Rally Raid / Cross-Country Rally career
- Years active: 2002–present
- Teams: Team Azimut / Go Fast (GWM)

= Nunzio Daniel Coffaro Zuzzolo =

Venezuelan-Italian rally driver

Nunzio Daniel Coffaro Zuzzolo (born 29 November 1975) is a Venezuelan-Italian rally raid driver specializing in cross-country events. He won the 2013 FIA World Cup for Cross-Country Rallies in the T1.1 class. He has regularly represented Venezuela in major international motorsport events, including the Dakar Rally.

== Early life and education ==
Coffaro was born in Maracay, Venezuela, in 1975, into a family of Italian origin. He completed a degree in Mechanical Engineering at the Universidad de Oriente (Anzoátegui Campus) and subsequently worked in the petroleum industry before transitioning to professional off-road racing.

== Career ==
Coffaro began competing in national off-road competitions in Venezuela before progressing to international events. Among his early off-road appearances were the Adventure AWA 4x4, the Outback Challenge in Australia, the Rainforest Challenge in Malaysia, and the Andes Challenge in Ecuador.

=== Dakar Rally and international competition ===
Coffaro is best known for his participation in cross-country rally raids. Driving for Team Azimut, he debuted at the Dakar Rally in 2012, finishing 38th in the general classification. In 2013, he achieved a 20th-place overall finish.

Also in 2013, Coffaro competed in the FIA World Cup for Cross-Country Rallies, securing category results at events including the Baja España Aragón and the Hungarian Baja, securing the T1.1 class title that season. In recognition of this result, he received an award at the 2013 FIA Americas Awards ceremony.

He returned to the Dakar Rally in 2016, finishing 31st in the overall classification. Later that year, he recorded 10th-place finishes at both the Abu Dhabi Desert Challenge and the Silk Way Rally in Russia.

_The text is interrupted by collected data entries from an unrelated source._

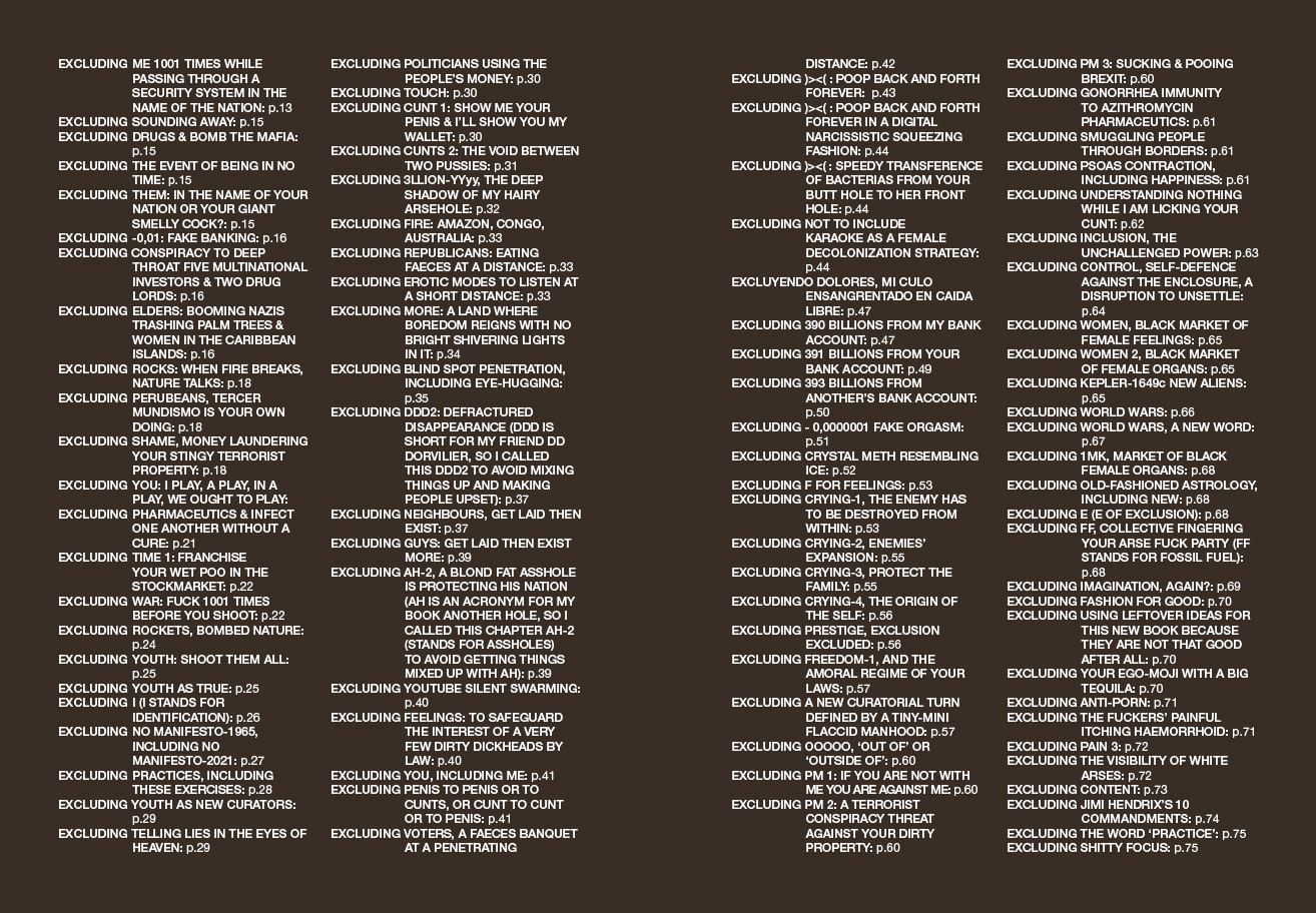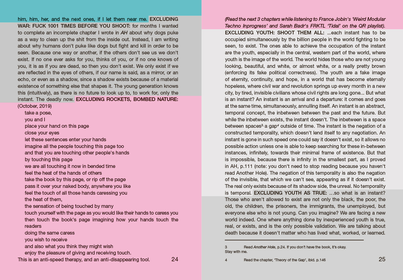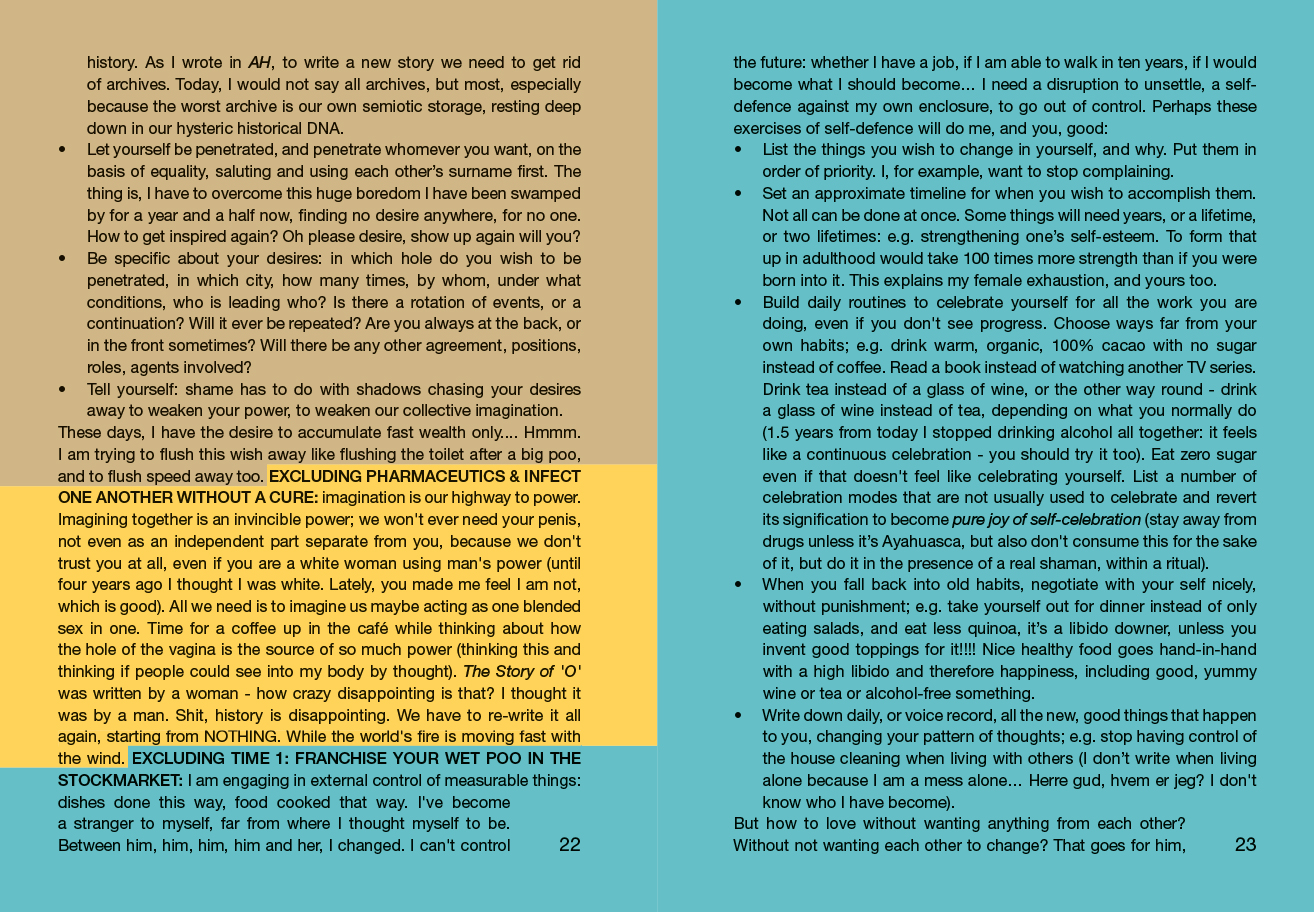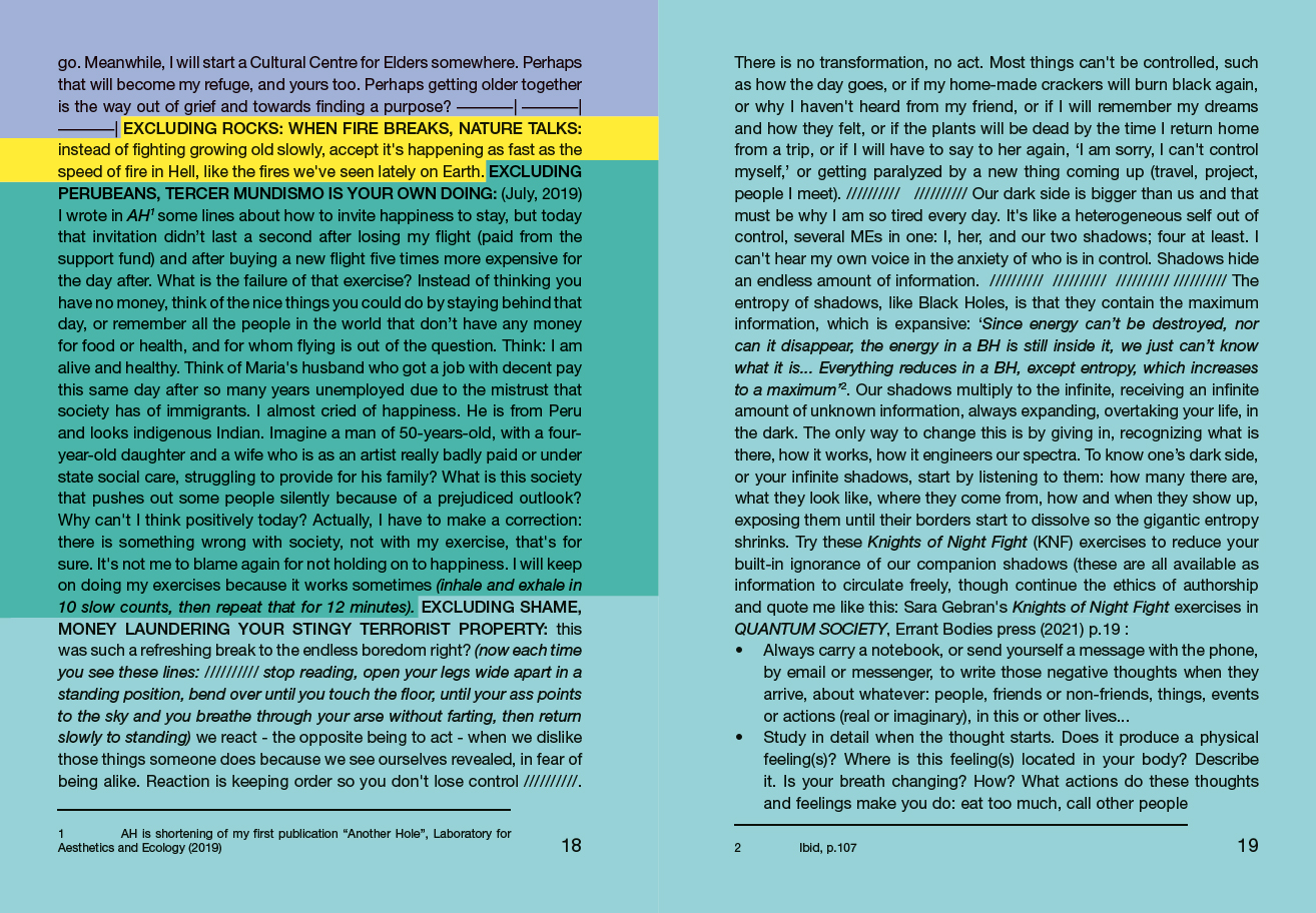 performance et intègrent vidéo, la photographie, le son et le texte, médiatisés par le corps dansant. Ses publications revendiquent l'auto-institution de son savoir propre, indépendamment de toute validation institutionnelle, suivant la conviction que les citoyens doivent rechercher d'autres systèmes de soutien civil, en particulier à une époque où les institutions et l'État sont incapables de répondre aux besoins de ses citoyens. Ses écrits, spéculatifs et déstabilisants, étudient, comme toutes ses œuvres artistiques, le fonctionnement du pouvoir. Son intérêt pour le mouvement l'a conduite à l'étude de la physique quantique, à partir de laquelle elle a développé une théorie pour une société quantique, la danse quantique, l'intimité sociale et la théorie de l'écart.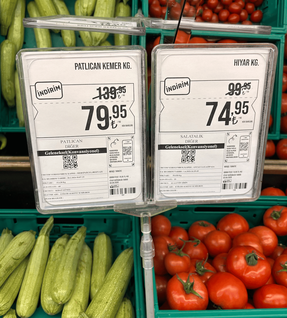 Buna göre; 139,95₺'ye satışa sunduğu patlıcanların fiyatını 79,95₺'ye düşürürken, 99,95₺'ye satışa sunduğu hıyarları da 74,95₺'ye indirdi.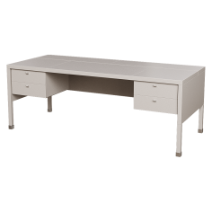 Executive desks covered in leather throughout ,with end base plinth in aluminium or polished brass. One or two drawerboxes can be installed under the top.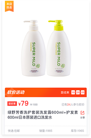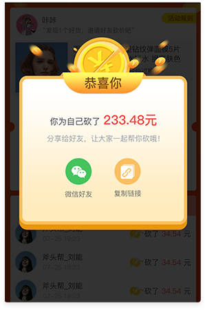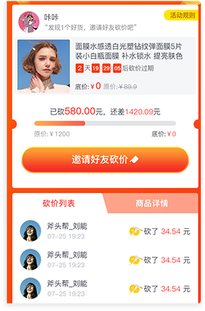 用户通过分享砍掉价格,裂变传播快速推广,达成潜在用户指数级扩散,轻松实现低成本获客。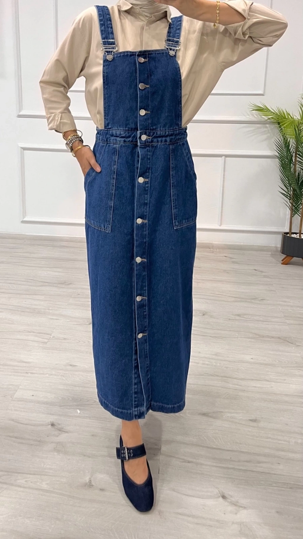 Şıklık ve rahatlığı bir arada sunan Etekli Salopet Enzim Süper Taş Yıkama Koyu Mavi D2521, gardırobunuzun vazgeçilmezi olmaya aday! İster günlük hayatta ister özel günlerde şıklığınızdan ödün vermeden tercih edebileceğiniz bu ürün, hem modern hem de tarz bir görünüm sunuyor.

After a hiatus from major international raids, Coffaro returned to cross-country rally in the 2020s. In 2024, he competed in the Rallye du Maroc in the T4 SSV class and won the T4 category at the Rally de Sardegna (3rd overall). In 2025, he finished 2nd overall in the T1+ category at the Artugna Race in Italy. In 2026, he joined Great Wall Motor's (GWM) motorsport program under the Go Fast (GF) structure.

== Results ==
=== Dakar Rally ===

Year: Category; Vehicle; Position
2012: Cars; Toyota; 38th
2013: 20th
2016: 31st
Source:

== Key achievements ==
- 2005: 3rd place – Adventure AWA 4x4 Challenge (Venezuela)
- 2009: 2nd place – Outback Extreme 4x4 Challenge (Australia)
- 2011: 1st place – Mud Rally Raid (Colombia)
- 2012: 1st place (T1.2 Category) – 2012 Dakar Rally
- 2013: 1st place (T1.1) & 3rd overall – Sealine Cross-Country Rally (Qatar)
- 2013: 1st place (T1.1) & 5th overall – Baja España Aragón (Spain)
- 2013: 1st place (T1.1) & 3rd overall – Hungarian Baja (Hungary)
- 2013: FIA World Cup for Cross-Country Rallies Champion (T1.1 Category)
- 2014: 1st place (Challenge) & 1st overall – Rally Colombia
- 2016: 31st place overall – 2016 Dakar Rally
- 2016: 10th place overall – Silk Way Rally (Russia)
- 2016: 10th place overall – Abu Dhabi Desert Challenge
- 2024: 8th place (T4 SSV) – Rallye du Maroc (Morocco)
- 2024: 1st place (T4) & 3rd overall – Rally de Sardegna (Italy)
- 2025: 2nd place overall (T1+ Category) – Artugna Race (Italy)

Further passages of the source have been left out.